Source information
--

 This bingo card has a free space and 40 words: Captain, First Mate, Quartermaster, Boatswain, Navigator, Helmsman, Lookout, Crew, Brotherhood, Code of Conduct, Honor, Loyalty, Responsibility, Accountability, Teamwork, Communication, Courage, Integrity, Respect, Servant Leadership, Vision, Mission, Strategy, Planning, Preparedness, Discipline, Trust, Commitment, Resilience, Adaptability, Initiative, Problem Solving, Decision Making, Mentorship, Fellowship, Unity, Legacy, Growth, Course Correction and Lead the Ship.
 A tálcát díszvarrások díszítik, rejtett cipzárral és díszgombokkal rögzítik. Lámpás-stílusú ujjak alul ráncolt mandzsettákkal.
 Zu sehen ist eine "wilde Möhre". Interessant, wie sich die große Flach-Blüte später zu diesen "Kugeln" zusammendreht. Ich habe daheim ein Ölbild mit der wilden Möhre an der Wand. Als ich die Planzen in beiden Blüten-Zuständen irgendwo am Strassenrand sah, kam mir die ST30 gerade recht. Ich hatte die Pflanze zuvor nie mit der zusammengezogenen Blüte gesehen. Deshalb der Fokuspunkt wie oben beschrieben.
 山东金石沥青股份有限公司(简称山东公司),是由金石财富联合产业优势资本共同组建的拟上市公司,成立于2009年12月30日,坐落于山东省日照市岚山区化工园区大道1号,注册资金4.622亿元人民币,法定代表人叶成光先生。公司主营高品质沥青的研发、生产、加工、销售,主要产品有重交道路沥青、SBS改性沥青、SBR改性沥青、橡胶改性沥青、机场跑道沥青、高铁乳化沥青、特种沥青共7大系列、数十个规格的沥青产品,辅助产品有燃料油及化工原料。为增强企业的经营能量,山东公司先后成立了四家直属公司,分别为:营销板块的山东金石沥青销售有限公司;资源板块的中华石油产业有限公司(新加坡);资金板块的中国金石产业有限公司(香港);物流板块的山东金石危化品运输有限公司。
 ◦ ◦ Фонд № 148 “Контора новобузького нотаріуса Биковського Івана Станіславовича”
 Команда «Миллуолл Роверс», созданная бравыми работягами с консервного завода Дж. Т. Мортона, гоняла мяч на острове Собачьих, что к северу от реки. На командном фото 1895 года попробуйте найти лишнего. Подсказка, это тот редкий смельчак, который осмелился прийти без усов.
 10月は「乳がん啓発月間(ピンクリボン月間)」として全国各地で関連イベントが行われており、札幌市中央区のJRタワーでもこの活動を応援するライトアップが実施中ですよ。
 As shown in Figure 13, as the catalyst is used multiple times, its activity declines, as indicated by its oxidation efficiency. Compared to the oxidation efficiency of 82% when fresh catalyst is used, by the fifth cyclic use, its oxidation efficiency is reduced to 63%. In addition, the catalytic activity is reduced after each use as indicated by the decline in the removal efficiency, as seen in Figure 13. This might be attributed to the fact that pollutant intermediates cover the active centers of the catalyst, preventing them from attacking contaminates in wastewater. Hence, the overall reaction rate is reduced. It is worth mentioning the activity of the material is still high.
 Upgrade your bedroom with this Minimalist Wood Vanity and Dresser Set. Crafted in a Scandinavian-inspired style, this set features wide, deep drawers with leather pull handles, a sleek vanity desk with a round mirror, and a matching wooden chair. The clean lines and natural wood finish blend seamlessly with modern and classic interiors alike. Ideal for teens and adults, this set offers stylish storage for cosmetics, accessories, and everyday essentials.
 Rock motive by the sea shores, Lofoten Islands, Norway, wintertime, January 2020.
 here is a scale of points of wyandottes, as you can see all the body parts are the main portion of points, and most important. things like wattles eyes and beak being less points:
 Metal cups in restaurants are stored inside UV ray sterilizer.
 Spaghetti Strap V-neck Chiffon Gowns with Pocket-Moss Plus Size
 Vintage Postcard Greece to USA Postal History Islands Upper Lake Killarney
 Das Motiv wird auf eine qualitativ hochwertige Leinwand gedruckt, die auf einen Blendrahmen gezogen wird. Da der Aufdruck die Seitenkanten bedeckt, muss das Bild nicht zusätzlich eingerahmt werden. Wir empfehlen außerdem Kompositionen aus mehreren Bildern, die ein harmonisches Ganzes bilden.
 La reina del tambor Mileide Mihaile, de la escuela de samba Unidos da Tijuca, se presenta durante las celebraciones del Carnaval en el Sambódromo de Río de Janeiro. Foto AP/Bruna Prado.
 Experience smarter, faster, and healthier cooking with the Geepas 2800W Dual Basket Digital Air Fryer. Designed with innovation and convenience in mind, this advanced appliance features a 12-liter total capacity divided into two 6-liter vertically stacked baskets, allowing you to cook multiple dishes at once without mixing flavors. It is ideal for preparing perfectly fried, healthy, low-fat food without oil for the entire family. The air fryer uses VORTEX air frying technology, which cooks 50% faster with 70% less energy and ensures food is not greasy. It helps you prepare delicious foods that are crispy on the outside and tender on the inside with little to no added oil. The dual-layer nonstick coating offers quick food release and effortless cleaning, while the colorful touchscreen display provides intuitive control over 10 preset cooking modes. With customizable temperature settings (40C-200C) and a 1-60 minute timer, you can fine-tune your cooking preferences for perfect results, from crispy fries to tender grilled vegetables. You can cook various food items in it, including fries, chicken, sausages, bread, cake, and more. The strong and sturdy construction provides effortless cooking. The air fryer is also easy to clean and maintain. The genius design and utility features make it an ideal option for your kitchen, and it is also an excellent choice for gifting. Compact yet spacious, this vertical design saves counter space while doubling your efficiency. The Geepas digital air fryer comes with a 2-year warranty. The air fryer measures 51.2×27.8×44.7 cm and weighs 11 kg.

--

The response has to match the records above word for word.

 This bingo card has a free space and 40 words: Captain, First Mate, Quartermaster, Boatswain, Navigator, Helmsman, Lookout, Crew, Brotherhood, Code of Conduct, Honor, Loyalty, Responsibility, Accountability, Teamwork, Communication, Courage, Integrity, Respect, Servant Leadership, Vision, Mission, Strategy, Planning, Preparedness, Discipline, Trust, Commitment, Resilience, Adaptability, Initiative, Problem Solving, Decision Making, Mentorship, Fellowship, Unity, Legacy, Growth, Course Correction and Lead the Ship.
 A tálcát díszvarrások díszítik, rejtett cipzárral és díszgombokkal rögzítik. Lámpás-stílusú ujjak alul ráncolt mandzsettákkal.
 Zu sehen ist eine "wilde Möhre". Interessant, wie sich die große Flach-Blüte später zu diesen "Kugeln" zusammendreht. Ich habe daheim ein Ölbild mit der wilden Möhre an der Wand. Als ich die Planzen in beiden Blüten-Zuständen irgendwo am Strassenrand sah, kam mir die ST30 gerade recht. Ich hatte die Pflanze zuvor nie mit der zusammengezogenen Blüte gesehen. Deshalb der Fokuspunkt wie oben beschrieben.
 山东金石沥青股份有限公司(简称山东公司),是由金石财富联合产业优势资本共同组建的拟上市公司,成立于2009年12月30日,坐落于山东省日照市岚山区化工园区大道1号,注册资金4.622亿元人民币,法定代表人叶成光先生。公司主营高品质沥青的研发、生产、加工、销售,主要产品有重交道路沥青、SBS改性沥青、SBR改性沥青、橡胶改性沥青、机场跑道沥青、高铁乳化沥青、特种沥青共7大系列、数十个规格的沥青产品,辅助产品有燃料油及化工原料。为增强企业的经营能量,山东公司先后成立了四家直属公司,分别为:营销板块的山东金石沥青销售有限公司;资源板块的中华石油产业有限公司(新加坡);资金板块的中国金石产业有限公司(香港);物流板块的山东金石危化品运输有限公司。
 ◦ ◦ Фонд № 148 “Контора новобузького нотаріуса Биковського Івана Станіславовича”
 Команда «Миллуолл Роверс», созданная бравыми работягами с консервного завода Дж. Т. Мортона, гоняла мяч на острове Собачьих, что к северу от реки. На командном фото 1895 года попробуйте найти лишнего. Подсказка, это тот редкий смельчак, который осмелился прийти без усов.
 10月は「乳がん啓発月間(ピンクリボン月間)」として全国各地で関連イベントが行われており、札幌市中央区のJRタワーでもこの活動を応援するライトアップが実施中ですよ。
 As shown in Figure 13, as the catalyst is used multiple times, its activity declines, as indicated by its oxidation efficiency. Compared to the oxidation efficiency of 82% when fresh catalyst is used, by the fifth cyclic use, its oxidation efficiency is reduced to 63%. In addition, the catalytic activity is reduced after each use as indicated by the decline in the removal efficiency, as seen in Figure 13. This might be attributed to the fact that pollutant intermediates cover the active centers of the catalyst, preventing them from attacking contaminates in wastewater. Hence, the overall reaction rate is reduced. It is worth mentioning the activity of the material is still high.
 Upgrade your bedroom with this Minimalist Wood Vanity and Dresser Set. Crafted in a Scandinavian-inspired style, this set features wide, deep drawers with leather pull handles, a sleek vanity desk with a round mirror, and a matching wooden chair. The clean lines and natural wood finish blend seamlessly with modern and classic interiors alike. Ideal for teens and adults, this set offers stylish storage for cosmetics, accessories, and everyday essentials.
 Rock motive by the sea shores, Lofoten Islands, Norway, wintertime, January 2020.
 here is a scale of points of wyandottes, as you can see all the body parts are the main portion of points, and most important. things like wattles eyes and beak being less points:
 Metal cups in restaurants are stored inside UV ray sterilizer.
 Spaghetti Strap V-neck Chiffon Gowns with Pocket-Moss Plus Size
 Vintage Postcard Greece to USA Postal History Islands Upper Lake Killarney
 Das Motiv wird auf eine qualitativ hochwertige Leinwand gedruckt, die auf einen Blendrahmen gezogen wird. Da der Aufdruck die Seitenkanten bedeckt, muss das Bild nicht zusätzlich eingerahmt werden. Wir empfehlen außerdem Kompositionen aus mehreren Bildern, die ein harmonisches Ganzes bilden.
 La reina del tambor Mileide Mihaile, de la escuela de samba Unidos da Tijuca, se presenta durante las celebraciones del Carnaval en el Sambódromo de Río de Janeiro. Foto AP/Bruna Prado.
 Experience smarter, faster, and healthier cooking with the Geepas 2800W Dual Basket Digital Air Fryer. Designed with innovation and convenience in mind, this advanced appliance features a 12-liter total capacity divided into two 6-liter vertically stacked baskets, allowing you to cook multiple dishes at once without mixing flavors. It is ideal for preparing perfectly fried, healthy, low-fat food without oil for the entire family. The air fryer uses VORTEX air frying technology, which cooks 50% faster with 70% less energy and ensures food is not greasy. It helps you prepare delicious foods that are crispy on the outside and tender on the inside with little to no added oil. The dual-layer nonstick coating offers quick food release and effortless cleaning, while the colorful touchscreen display provides intuitive control over 10 preset cooking modes. With customizable temperature settings (40C-200C) and a 1-60 minute timer, you can fine-tune your cooking preferences for perfect results, from crispy fries to tender grilled vegetables. You can cook various food items in it, including fries, chicken, sausages, bread, cake, and more. The strong and sturdy construction provides effortless cooking. The air fryer is also easy to clean and maintain. The genius design and utility features make it an ideal option for your kitchen, and it is also an excellent choice for gifting. Compact yet spacious, this vertical design saves counter space while doubling your efficiency. The Geepas digital air fryer comes with a 2-year warranty. The air fryer measures 51.2×27.8×44.7 cm and weighs 11 kg.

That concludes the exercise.